8.4 Deliverables may include third-party content licensed separately. The Client’s rights to such content are subject to the third-party licence terms.

8.5 The Client may not resell, sub-licence, adapt or modify Deliverables except as expressly permitted.

8.6 Where an assignment of IP is agreed in writing, it will not include TNT’s pre-existing tools, methods, or background IP, and takes effect only on full payment.

8.7 TNT may showcase Deliverables for portfolio, awards, and marketing purposes.

  1. Confidentiality and data

9.1 Each party shall keep confidential all non-public information obtained from the other and use it only to perform the Contract.

9.2 This duty does not apply to information that is already public, lawfully obtained elsewhere, or required to be disclosed by law.

9.3 Where TNT processes personal data on the Client’s behalf, the parties will enter into a data processing agreement.

9.4 TNT shall take appropriate technical and organisational measures to protect personal data, but the Client remains data controller for all Client data.

  1. Warranties and Exclusions

10.1 TNT warrants it will provide the Services with reasonable skill and care.

10.2 TNT does not warrant that Deliverables will be error-free, uninterrupted, achieve specific outcomes, or be suitable for every purpose.

10.3 Except as expressly set out, all warranties and conditions implied by law are excluded to the fullest extent permitted.

10.4 The Client acknowledges that creative and marketing outcomes are inherently subjective and dependent on many factors outside TNT’s control.

  1. Liability and Limits

11.1 TNT does not exclude liability for death or personal injury caused by negligence, fraud, or other liability which cannot be excluded by law.

11.2 Subject to 11.1, TNT is not liable for:
(a) loss of profits, revenue, goodwill, anticipated savings, or opportunities;

(b) indirect, consequential, or punitive damages;

(c) delays, errors, or omissions caused by Client actions or third parties.

11.3 TNT’s total liability in contract, tort or otherwise shall not exceed the total Fees paid by the Client in the 12 months before the claim.

  1. Termination and Suspension

12.1 Either party may terminate the Contract immediately by written notice if the other:

  • Fails to pay invoices within 7 days of demand;
  • commits a material breach and fails to remedy within 30 days;
  • becomes insolvent, bankrupt, or enters administration.

12.2 TNT may suspend Services for non-payment or breach.

12.3 On termination, all sums become immediately due, licences cease, and each party must return or destroy the other’s confidential information.

12.4 Termination does not affect accrued rights or obligations.

  1. Force majeure

TNT is not liable for failure or delay caused by events beyond its reasonable control, including fire, flood, storms, strikes, supplier failure, IT outages, pandemics, war, terrorism, or government action.

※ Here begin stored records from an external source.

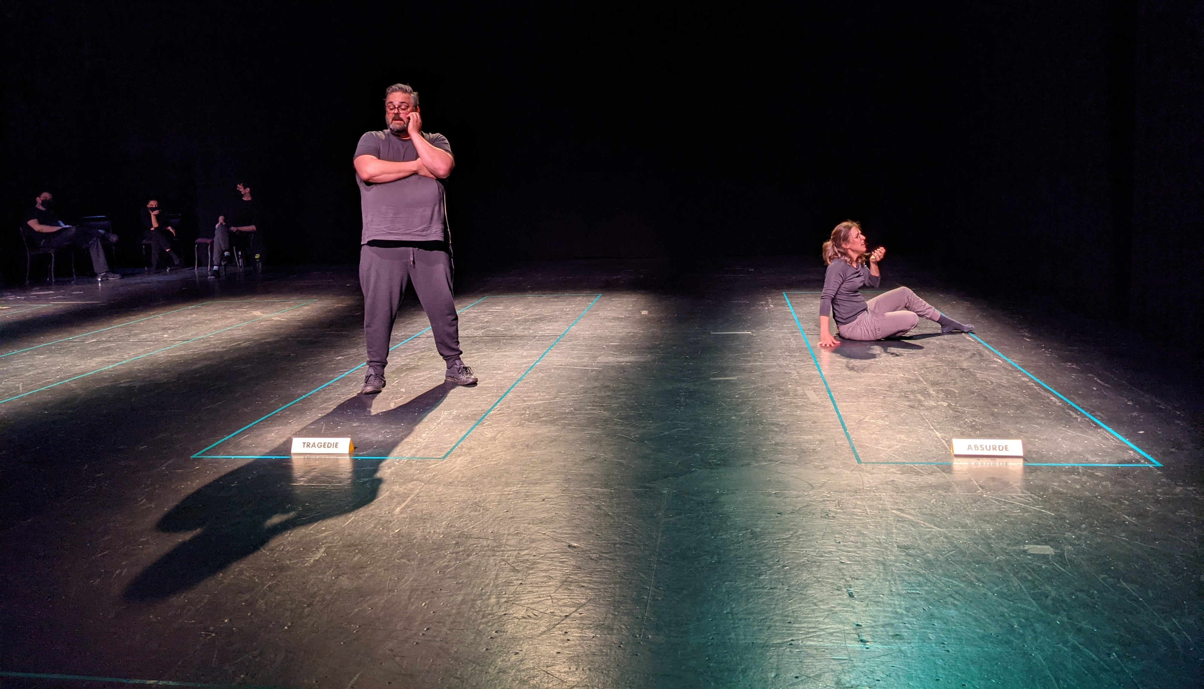 Ce qu’on réalise au deuxième acte, c’est la force de l’Absurde. Même si un seul personnage y est techniquement associé, il se répand aux autres corridors. Stéphane peut revenir de la mort. Marie-Pierre peut ne pas voir ce qui est péniblement évident. Marcelle peut se souvenir de son premier acte hallucinant. C’est en fait une réaction au médium de l’improvisation lui-même. La proposition (jouer une pièce sans décors, costumes, ou texte) est absurde, et on ne peut pas véritablement s’en échapper.
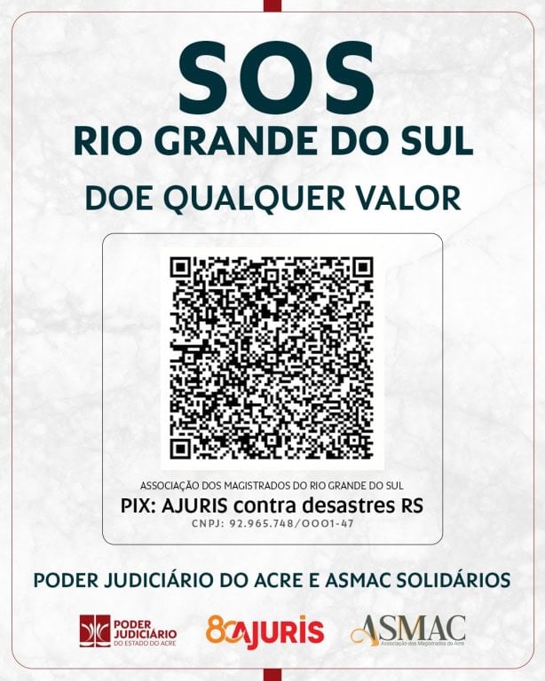 Além dessa medida, quem tiver interesse em ajudar individualmente, a Presidência do TJAC com a Associação dos Magistrados do Acre (ASMAC) e a Associação dos Magistrados do Rio Grande do Sul, destinaram conta PIX que recebe doações em dinheiro pela chave CNPJ: 92.958.800/0001-38, no banco Barisul.
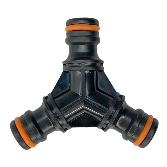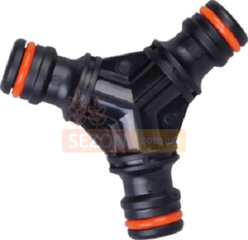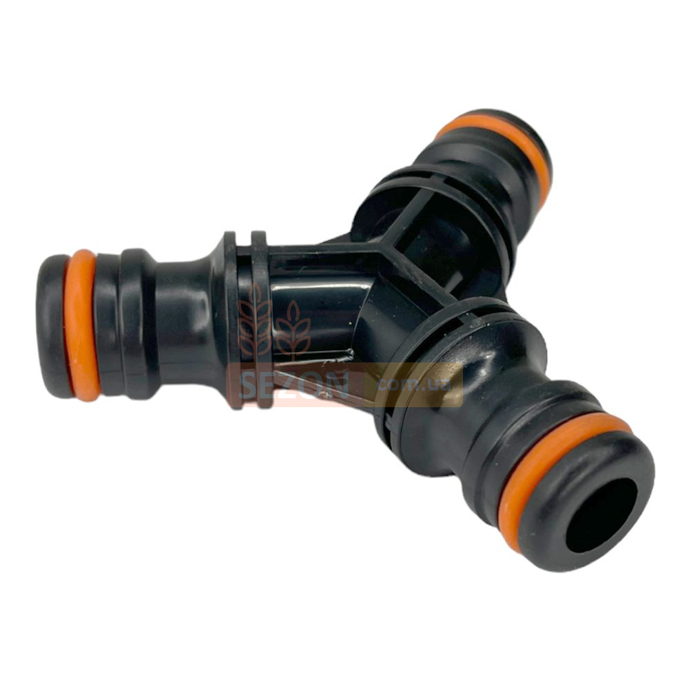 Тройник, изготовленный из прочного и ударопрочного ABS-пластика, предназначен для ветвления системы полива при использовании одного источника воды, а также функционирует как переходник с шланга диаметром 3/4" (19 мм) на 1/2" (12,5 мм).
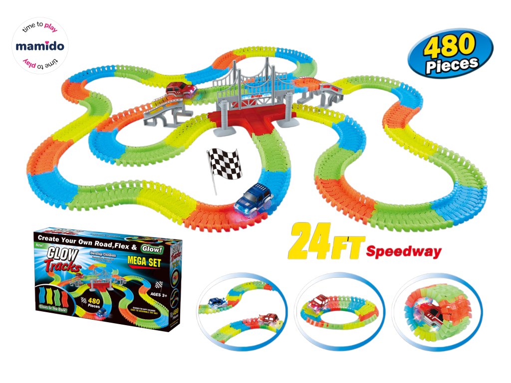 Sada obsahuje 480 dielikov, z ktorých si postavíš až 7,3 metra dlhú dráhu s mostom a križovatkami. Súčasťou sú aj 2 pretekárske autíčka so svetelnými efektmi, ktoré prechádzajú dráhou a vytvárajú jedinečnú svetelnú šou.
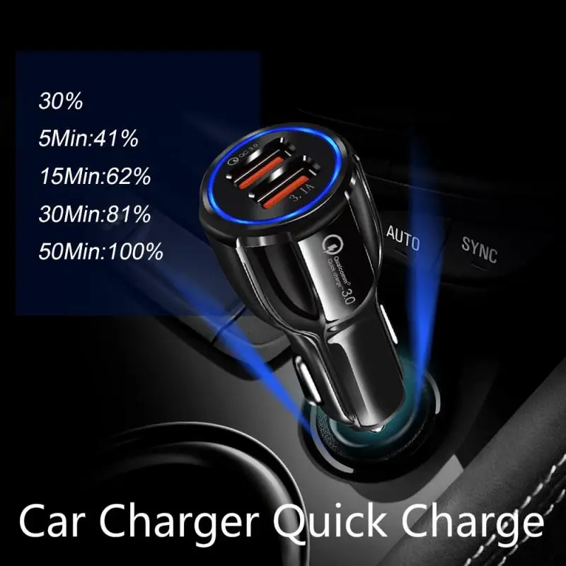 Автомобильное зарядное устройство QC3.0, быстрая зарядка с 2 портам...
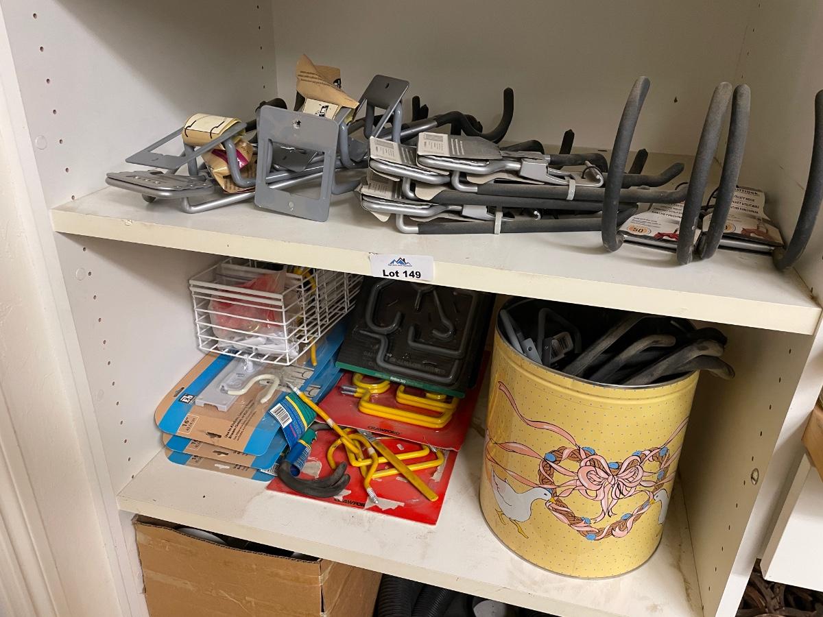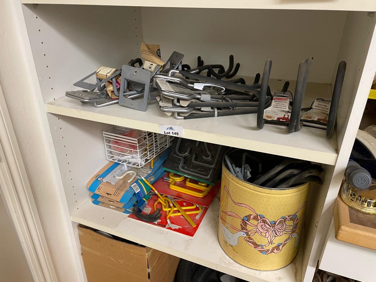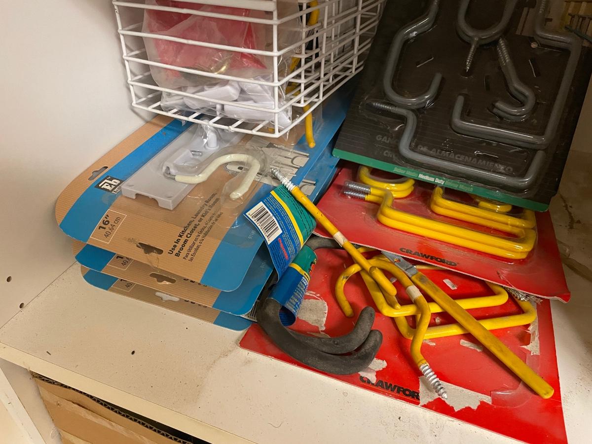 2 Shelves Full of Various Metal Hanging Hooks - Mostly New / DOZENS
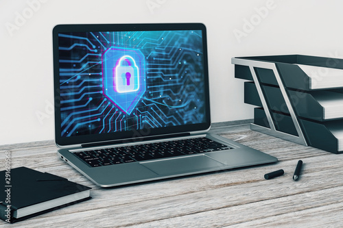 Laptop closeup with lock icon drawing on computer screen. Data safety concept. 3d rendering.
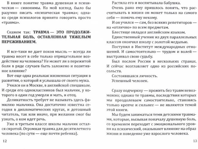 Книга психолога Натальи Кретовой «Психология детских травм» посвящена проработке детских травматических переживаний. В семи главах раскрываются основные принципы работы с психическими травмами, давними обидами и другими незабытыми тяжелыми ситуациями, оказавшими негативное влияние на дальнейшую жизнь. В книге представлены авторские медитации, положительно повлиявшие на людей, детство которых было омрачено событиями, угрожающими жизни, внезапным вынужденным переездом, потерей близких людей, разводом родителей, жестоким отношением окружающих и др. |

Deadlines are extended accordingly.

  1. Subcontracting and Assignment

14.1 TNT may subcontract or delegate performance of Services but remains responsible for delivery.

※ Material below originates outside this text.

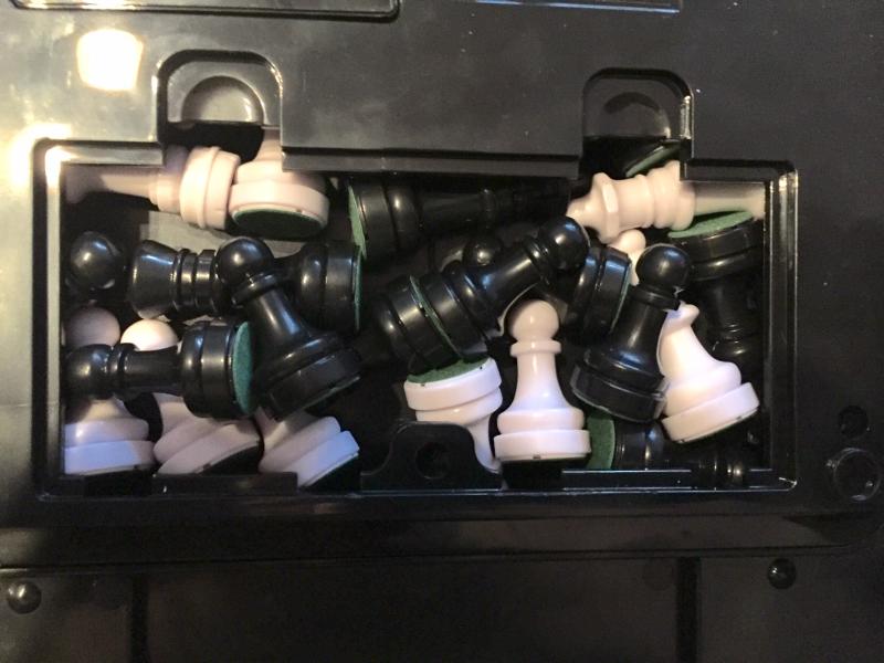 Jetzt ist es mir doch noch gelungen alle Figuren im Figurenfach des ChessGenius unterzubringen! Egal über welche "Tangram"-Fähigkeit man auch verfügt, 2-3 Figuren blieben immer übrig... :-( Wenn man aber den Steg, der das Figurenfach teilt, entfernt, passen alle Figuren gerade so rein. Fotos anbei! Den Steg kann man durch vorsichtiges hin- und herbiegen rausbrechen, da er an der sichtbaren Seite frei steht. Im Fach hat er aber eine seitliche Verbindung, die sich aber mit einer gebogenen Spitzzange, durch vorsichtiges hin- und herverdrehen, entfernen läßt. Viele Grüße, Ralph |
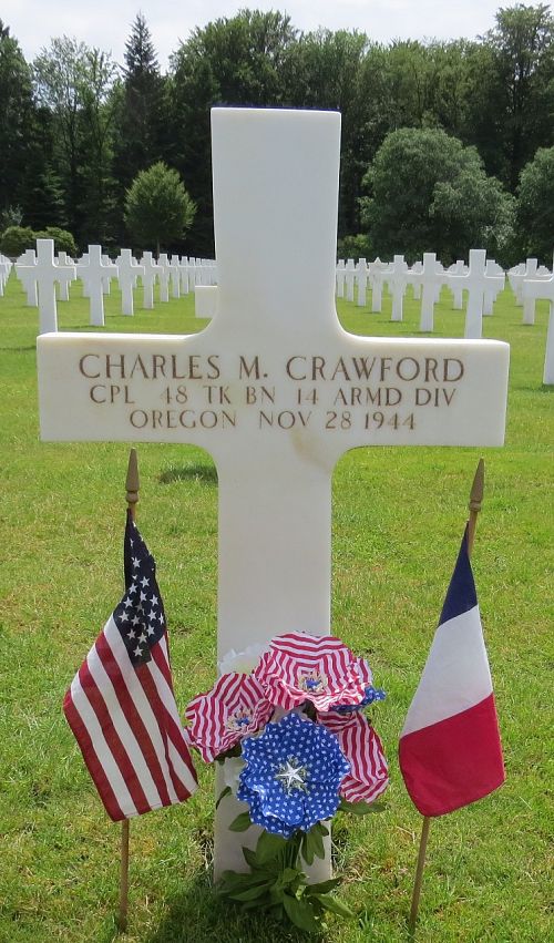 Cpl Charles M. Crawford graduated from Roosevelt High School and was employed at the Western Cooperage Company.He enlisted in Portland, Oregon on 3 December 1942. He wassent overseas in early November, 1944.

14.2 TNT may assign rights or obligations as part of a corporate reorganisation.

14.3 The Client may not assign the Contract without TNT’s prior written consent.

  1. Notices

15.1 Notices must be in writing and sent by hand, recorded delivery, or email to the addresses listed above.

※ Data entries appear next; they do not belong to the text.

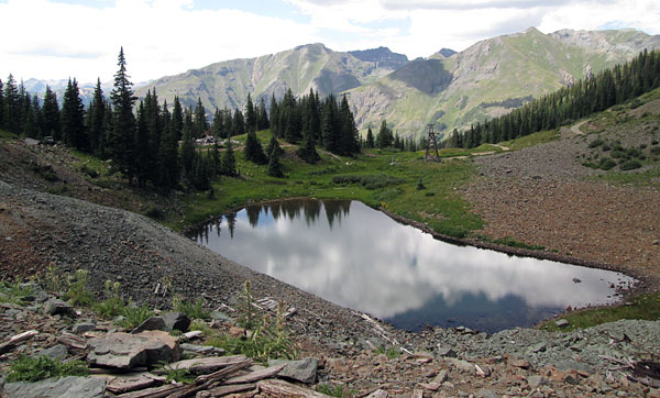 In the upper basin is a small lake. The road will end just past the lake at the tailings of the Big Giant Mine.
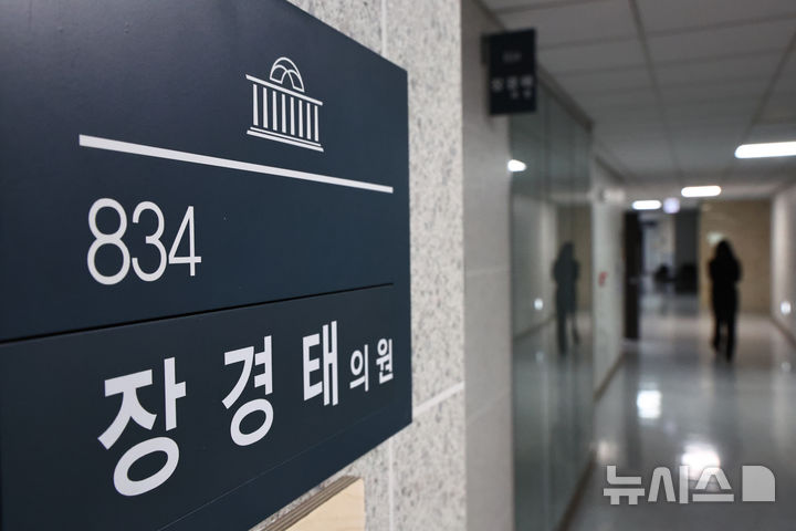 [서울=뉴시스] 김명년 기자 = 성추행 혐의를 받는 더불어민주당 장경태 의원이 20일 탈당을 선언했다. 장 의원은 이날 페이스북을 통해 "당에 누가 되지 않도록 결백을 입증하고 돌아오겠다"고 밝혔다. 사진은 이날 오전 서울 여의도 국회 의원회관 장경태 의원실 모습. 2026.03.20. [email protected]
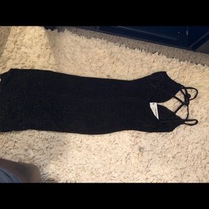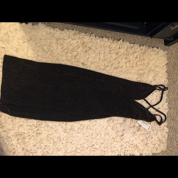 Black sparkly gold dress with split on the side
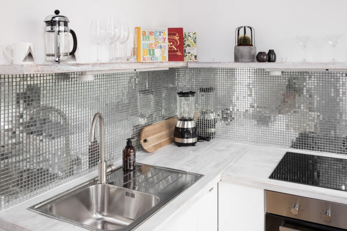 Thanks to the silver mosaic, you can not only finish the walls, floor, shower and other elements, but also significantly transform the room and visually change its spatial perception.
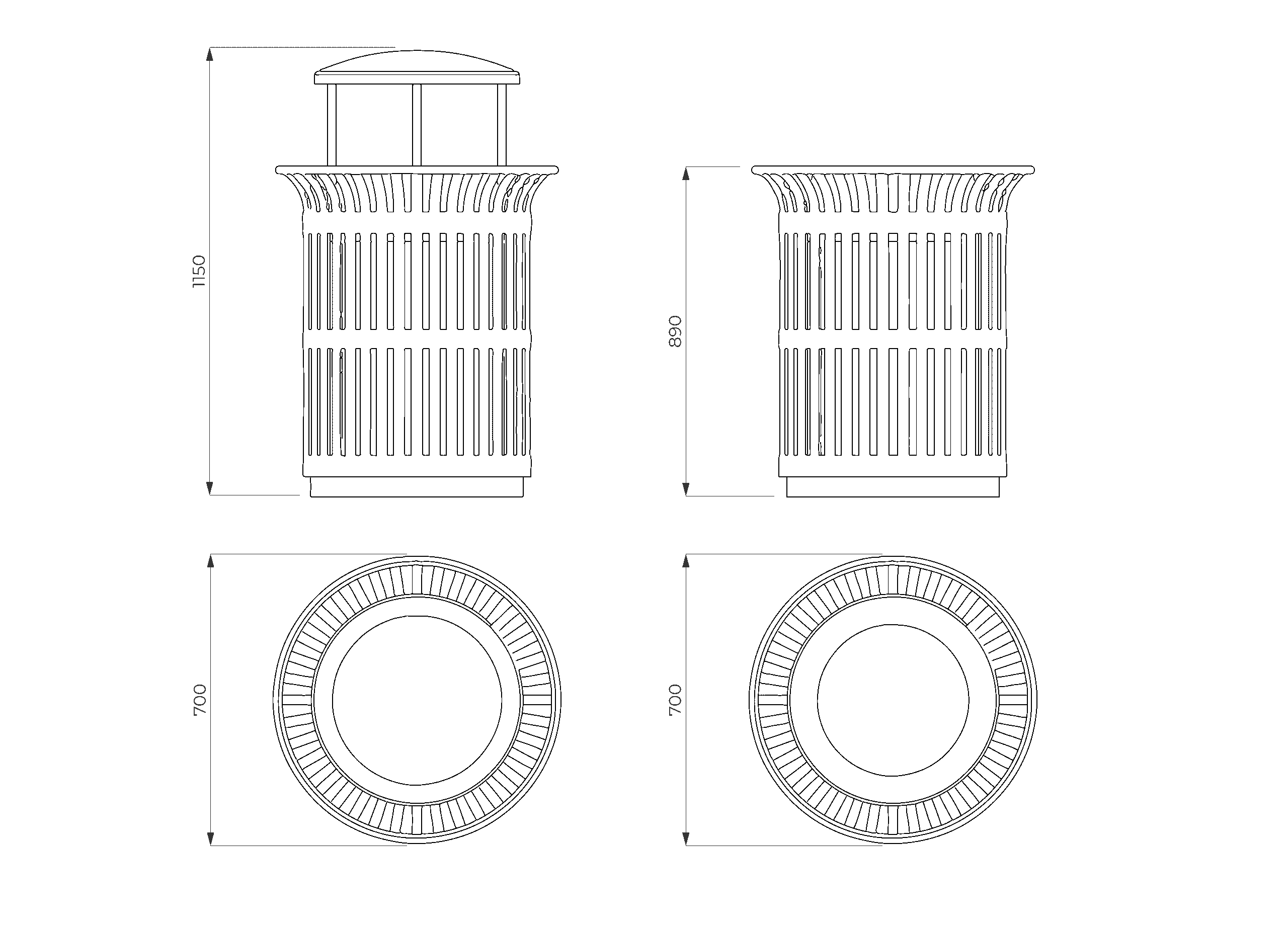 Un cesto sólido y confiable, pensado para espacios abiertos que requieren soluciones contundentes, funcionales y de larga vida útil dentro del paisaje urbano.

15.2 Notices are deemed received:

  • when delivered by hand;
  • two business days after posting by recorded delivery;
  • when sent by email, at 9am on the next business day (unless returned undelivered).
  1. Entire Agreement

These Terms, together with the Proposal/Brief, constitute the entire agreement between the parties. They supersede all prior discussions, correspondence, or agreements. Each party acknowledges it has not relied on statements not set out in the Contract.

  1. Third-party rights

Unless expressly stated, no third party shall have rights under the Contracts (Rights of Third Parties) Act 1999.

  1. Governing Law and Jurisdiction

This Contract, and all disputes or claims (contractual or non-contractual), shall be governed by the laws of England and Wales. The parties irrevocably submit to the exclusive jurisdiction of the courts of England and Wales.